Under the hood, a swap is just a sequence of well-defined steps. Walking through one demystifies almost everything else.
One swap, step by step
- Connect your wallet. The site reads your public address to show balances. It still cannot move anything without your signature.
- Choose tokens and amount. Pick what you have and what you want; the DEX quotes an expected result.
- Approve (first time only). Before a contract can move a given token, you grant it permission once — a separate, small on-chain step. We cover this in the upcoming lesson on token approvals.
- Review and sign. Your wallet shows the rate, the fees and a minimum you will receive. Signing is the final, binding action.
- The contract executes. Your tokens go into a liquidity pool and the other token comes out — atomically, all-or-nothing.
- It settles on-chain. Seconds to a minute later, the trade is confirmed and visible to anyone on a block explorer.

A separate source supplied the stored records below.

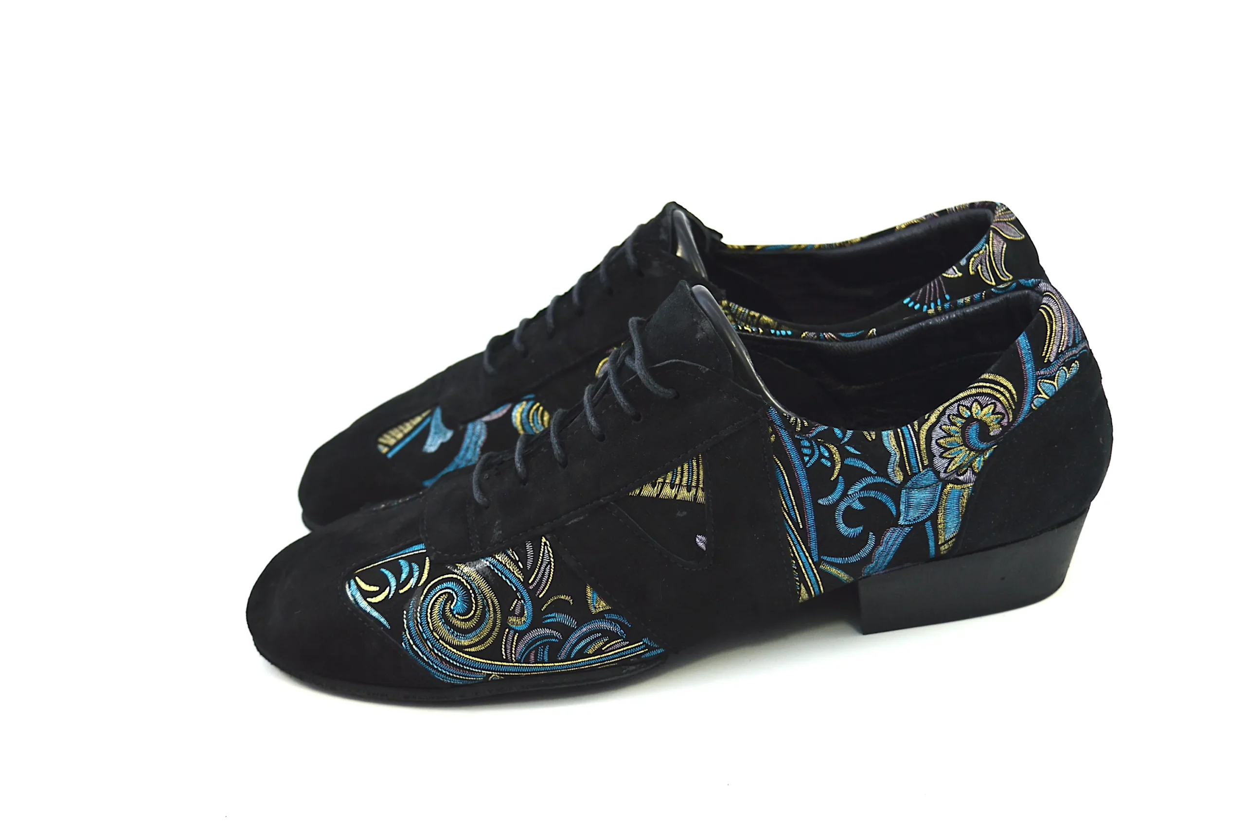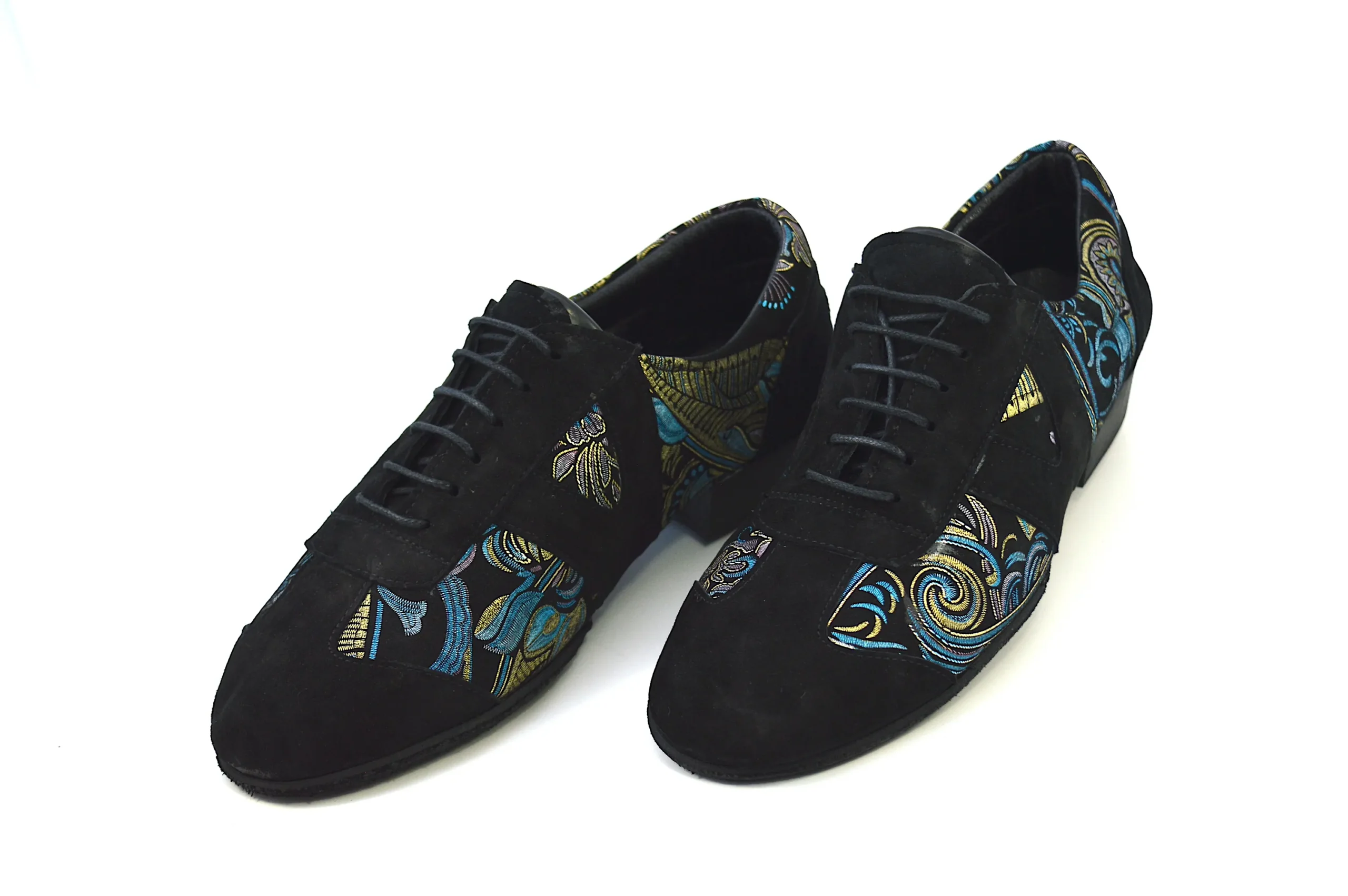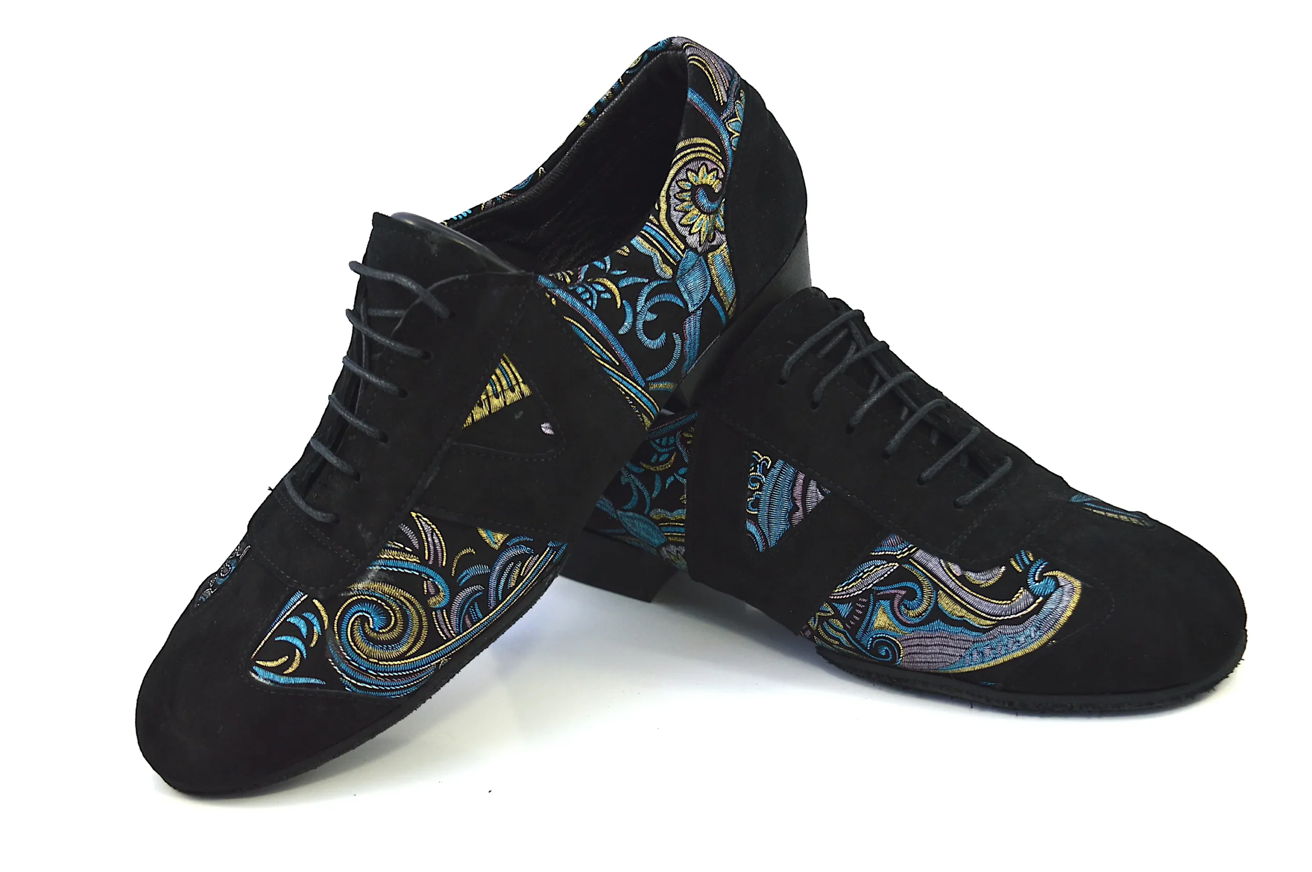 Ιδιαίτερο χορευτικό παπούτσι, για πράκτικα και για την μιλόνγκα, τύπου Oxford, από μαλακό μαύρο σουέτ δέρμα, με εντυπωσιακά χρυσο-μπλε λαχούρια.
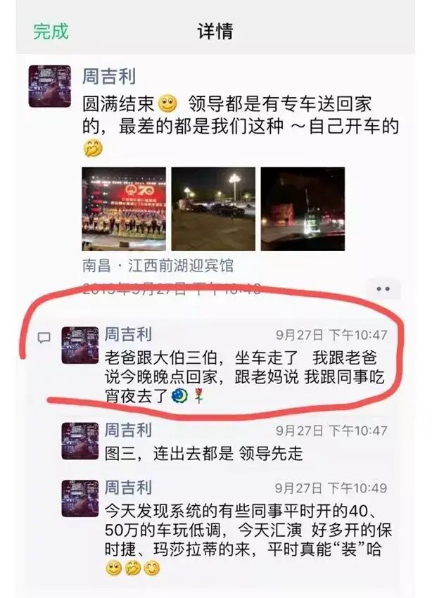 网传图片显示,周劼家族不少长辈应该都在当地交通系统工作,他自己就曾在公路局和高速工作过。2019年9月27日,周劼在朋友圈晒出自己在江西前湖迎宾馆观看一场演出,特意在评论区里写到“经济发展、交通先行—要想富,先修路”、“我大伯、三伯都来了,我爸也来了。”当地一官网发布的一篇文章显示,当晚当地的确组织了一场文艺汇演。从网传截图来看,周劼很感恩自己的家族有关系、有背景,并且互相照应。他提到,“父亲的副局长没问题了”“省厅人事处的人刚打了电话给我爸”,“感谢家族的所有人(三伯、大伯)”。如果说周劼是一个完全仰仗长辈的“官二代”,似乎并不准确。他曾专门发图文称自己跟单位一把手吃饭,又在评论区里透露,在父亲升迁的事情上,领导还帮他说了话,说“小周的父亲就是我的父亲,务必照顾。”周劼不无得意地说“儿子帮老子,严嵩 严世蕃”。对这一评价,很多网友都认为这充分暴露了周劼没有文化,严嵩严世蕃父子是著名奸臣,贪赃枉法,祸国殃民。周劼的朋友圈截图在网上引起热议后,有网友已经找出疑似周劼大伯、三伯的资料。大伯今年70岁,早已退休,曾任江西某高速集团相关负责人。三伯今年61岁,曾任某高速人力资源总监。另外,周劼的父亲曾任江西省某事业发展中心某处四级调研员。不过,这些情况并未得到官方证实。根据网传截图,周劼非常喜欢炫耀政府官员和国企高管与自己的交往,总是特意将这些人点名道姓地列出来。比如,他自称第一次跟着领导见一位当地领导,对方给他递了一根烟,为此他打破了已持续3个月的戒烟。还毫不掩饰地说“今天我好激动---比我妈给我买10套房还激动,开心。”好像是生怕别人不相信,周劼特意把这位领导的百度资料截图也发在了朋友圈里,还在评论区里告诉大家,烟1200元一条,还买不到。![]()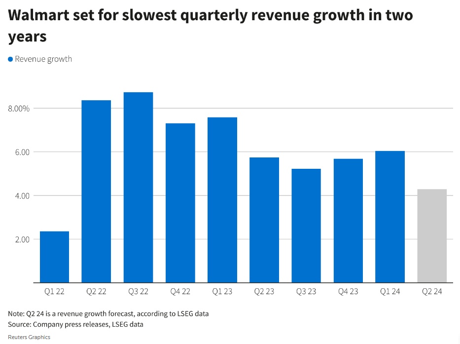 沃尔玛将于8月15日公布第二季度业绩,预计季度营收将增长4%。不过,根据LSEG的数据,这将是其近两年来最慢的增长速度。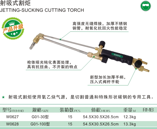 射吸式割炬使用氧乙炔氣源,是切割普通和特殊形狀碳鋼的專用工具。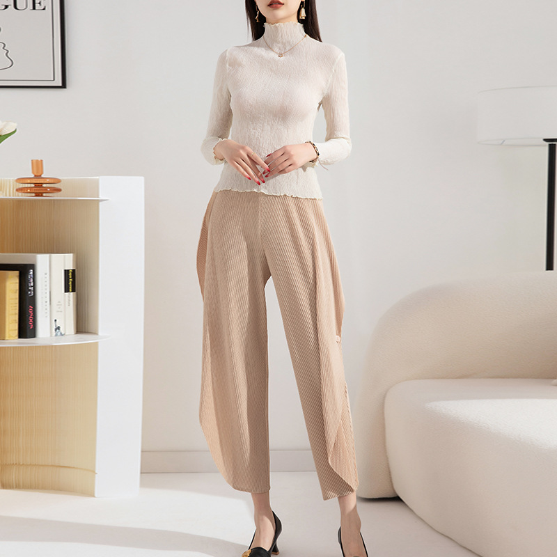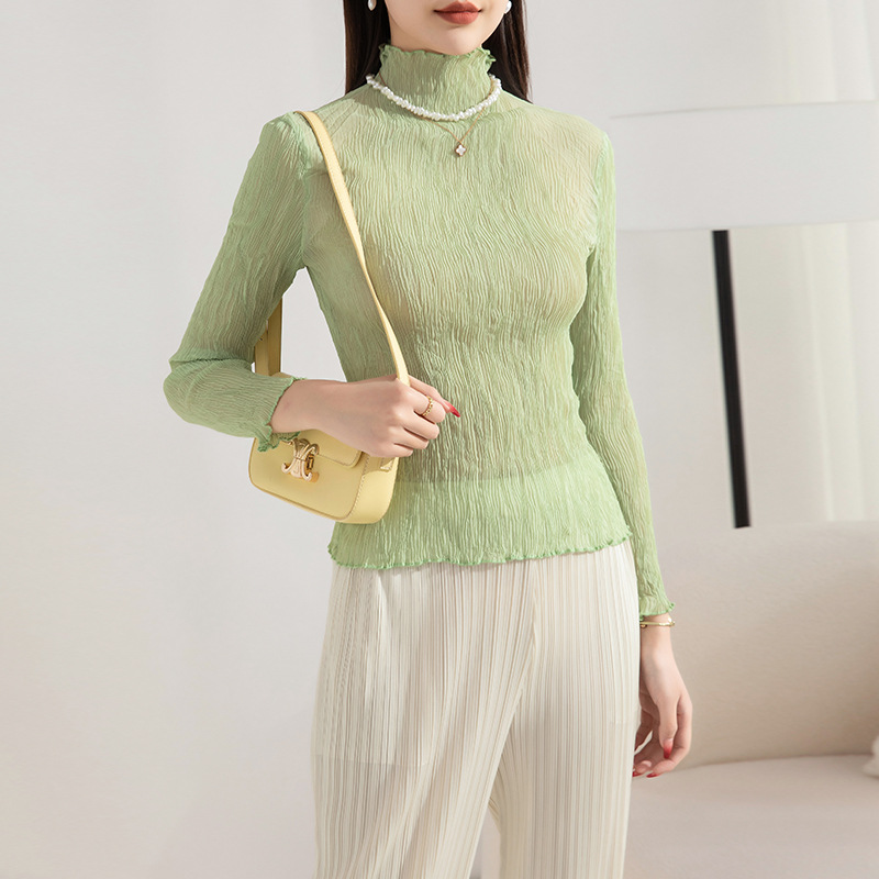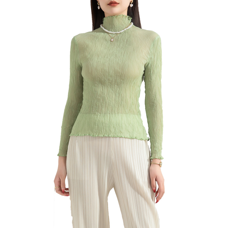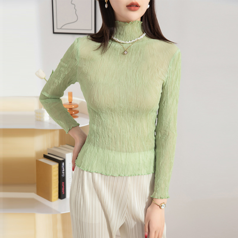| nameOriginal | Half-high Collar Base Shirt Women's Long-sleeved Spring and Autumn New Stretch Loose Slimming Twisted Pleated Styline Comfortable Inner Top |
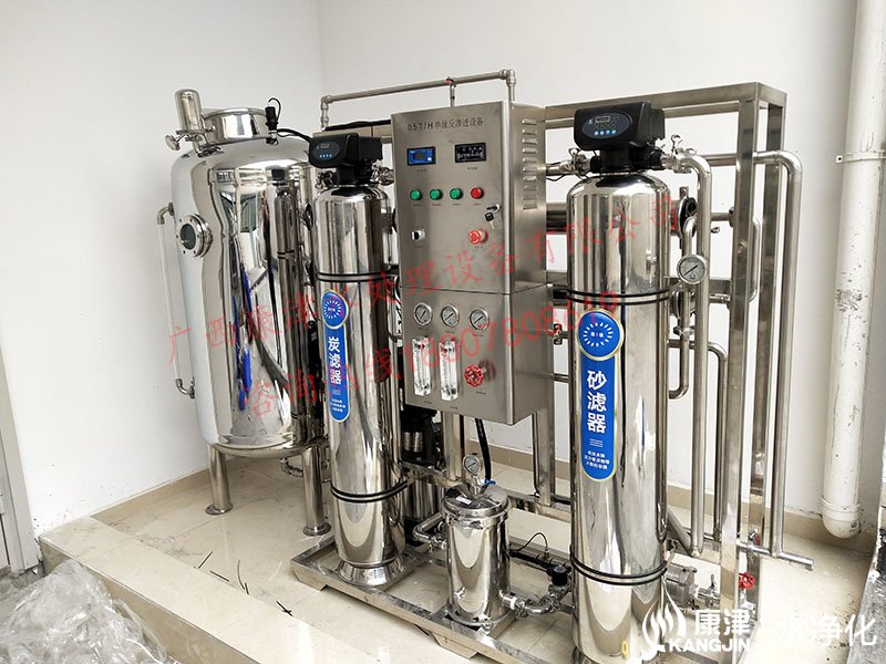 工藝流程:石英砂過濾器-活性炭過濾器-精密過濾器-加藥-高壓泵-反滲透膜組-無菌水箱-變頻恒壓供水系統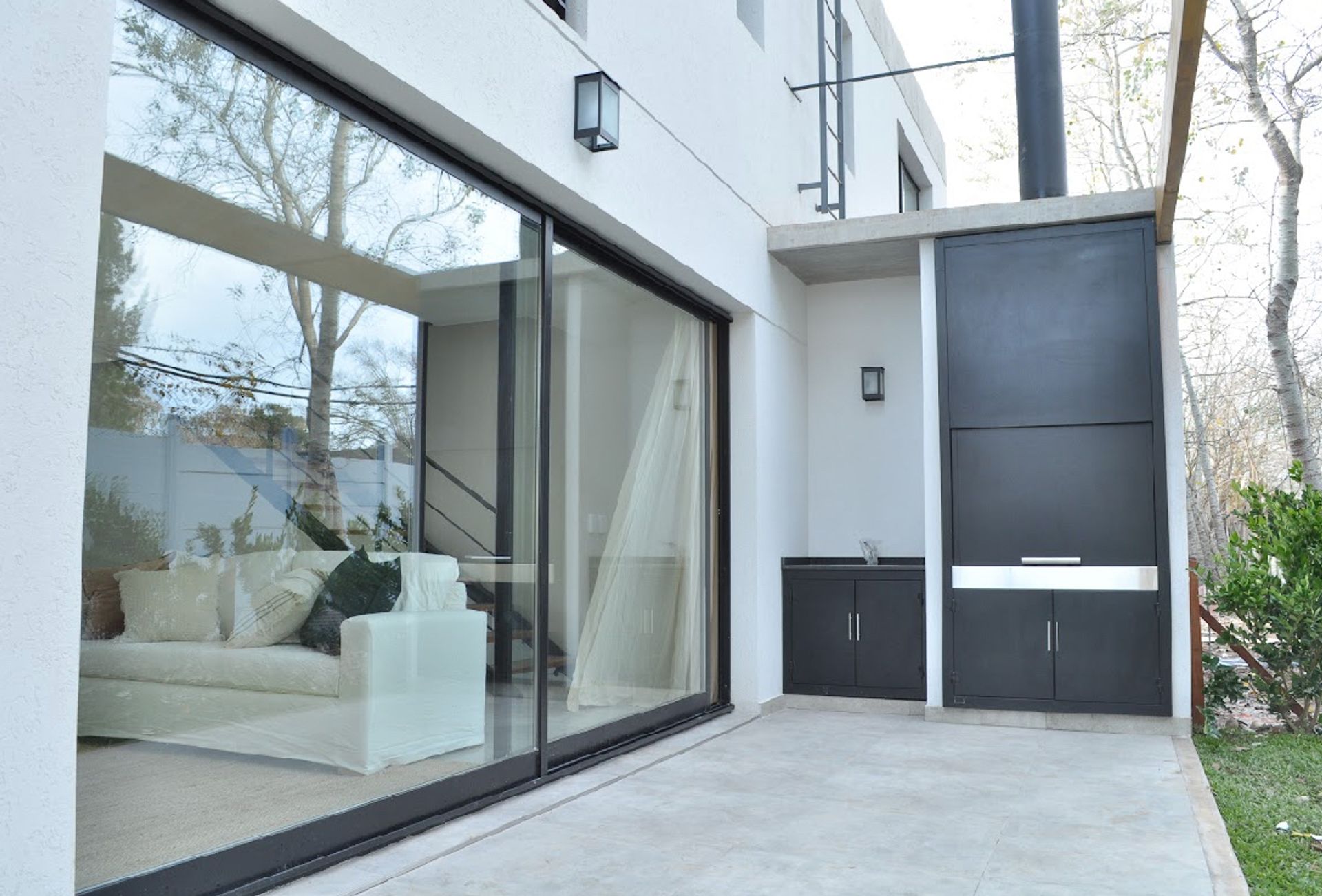 On the ground floor, an elegant reception hall with wardrobe leads to a secondary bedroom with walk‑in closet and full bathroom. The spacious living‑dining area, with access to the balcony, opens to an integrated kitchen with island and a terrace with grill and laundry, ideal for gatherings and outdoor relaxation. A courtesy toilet completes the ground floor.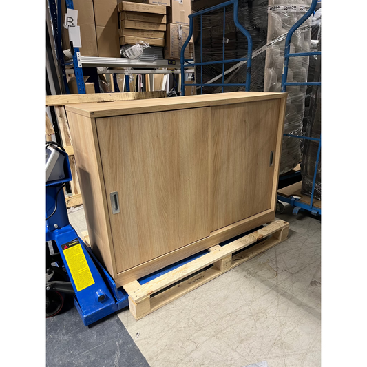 Skap i eik fra AJ Produkter, skyvedører m/håndtak, 1 hylle, sokkel, H868 B1200 D400 mm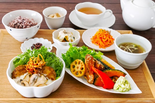 えらべるメインのおかずと、副菜やごはん、みそ汁などがセットになった人気のランチメニューも、冬メニューにリニューアル。メインのおかずには、人気の「揚げ鶏のねぎソース」に加え、きのこたっぷりの濃厚クリームソースに、ごぼうチップでアクセントを加えた「ハンバーグ きのこクリームソース」、高知県産のサバを使用し、まろやかなアボカド豆腐ソースで仕上げた「サバの竜田揚げ アボカド豆腐ソース」が登場します。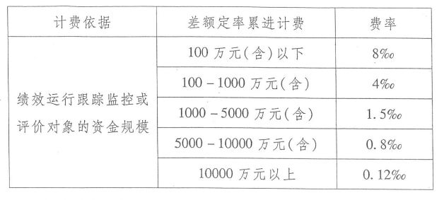 全咨單位參與預(yù)算績效管理服務(wù)取費(fèi)可參考地方收費(fèi)標(biāo)準(zhǔn),如湖北省地方標(biāo)準(zhǔn)——《湖北省財(cái)政廳關(guān)于印發(fā)<湖北省第三方機(jī)構(gòu)參與預(yù)算績效管理工作暫行辦法>的通知》(鄂財(cái)績規(guī)〔2014〕3號),績效運(yùn)行跟蹤監(jiān)控和績效評價(jià)全部委托服務(wù)采用計(jì)件收費(fèi)方式的,以績效運(yùn)行跟蹤監(jiān)控或評價(jià)對象的資金規(guī)模為計(jì)費(fèi)依據(jù)。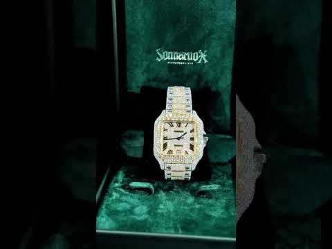 Make a bold statement with this two-tone Sommarnox Moissanite watch. Featuring a gold and silver pavé bracelet and a Roman numeral dial, this timepiece captures the perfect balance of elegance and street luxury.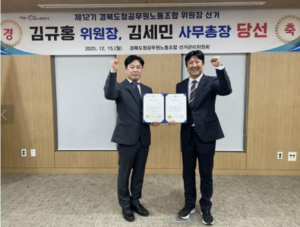 김규홍-김세민 당선자는 제11기 경북도청공무원노동조합에서 사무총장과 사무차장을 각각 역임했으며, 앞으로 2년간(2026.2.1.~2028.1.31.) 제12기 경북도청공무원노동조합을 이끌게 된다.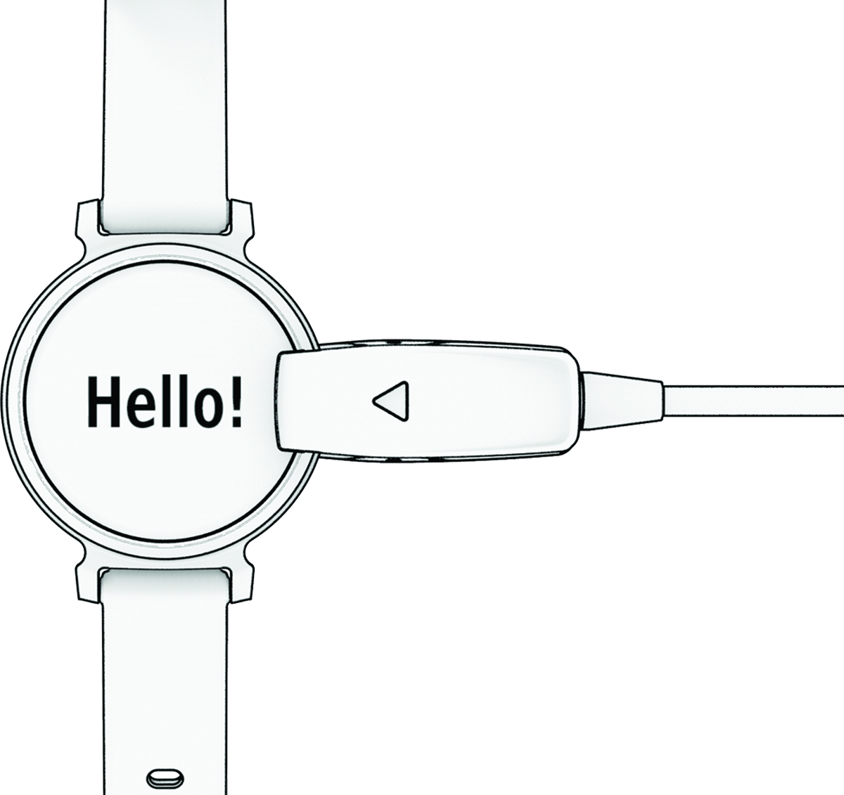 . - Plug the USB cable into a power source to turn on the watch (Charging the Watch).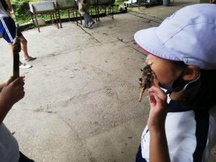 焼けた魚を食べます。みんなおいしそうに食べていました。楽しい魚つかみになりました。宿舎に戻り、お風呂に入っています。写真を撮れないので、しばらくアップは休止します。夕食は6時40分頃です。

Where the price comes from
Most DEXes do not match you with another trader. Instead you trade against a pool of two tokens, and a formula sets the price from the ratio of what is inside. The larger your trade relative to the pool, the more the price moves — the reason slippage and price impact exist. We unpack the math in Module 3.
"Atomic" is your friend
A swap either completes fully or not at all; it cannot half-execute and strand your funds. If conditions change mid-flight — say the price moves past your limit — the whole transaction reverts. On Ethereum you may still pay gas for the attempt, which surprises many newcomers.
How to verify anything
Every transaction has a hash you can paste into a block explorer — Etherscan for Ethereum, Solscan for Solana — to confirm exactly what happened. When in doubt, check the chain; it is the source of truth.
- Panicking when a transaction is 'pending' and submitting it again — you can end up paying twice.
- Not knowing where to verify a trade. The block explorer always has the real answer.
- Assuming the quoted price is guaranteed. It is an estimate until the block confirms — which is why slippage settings exist.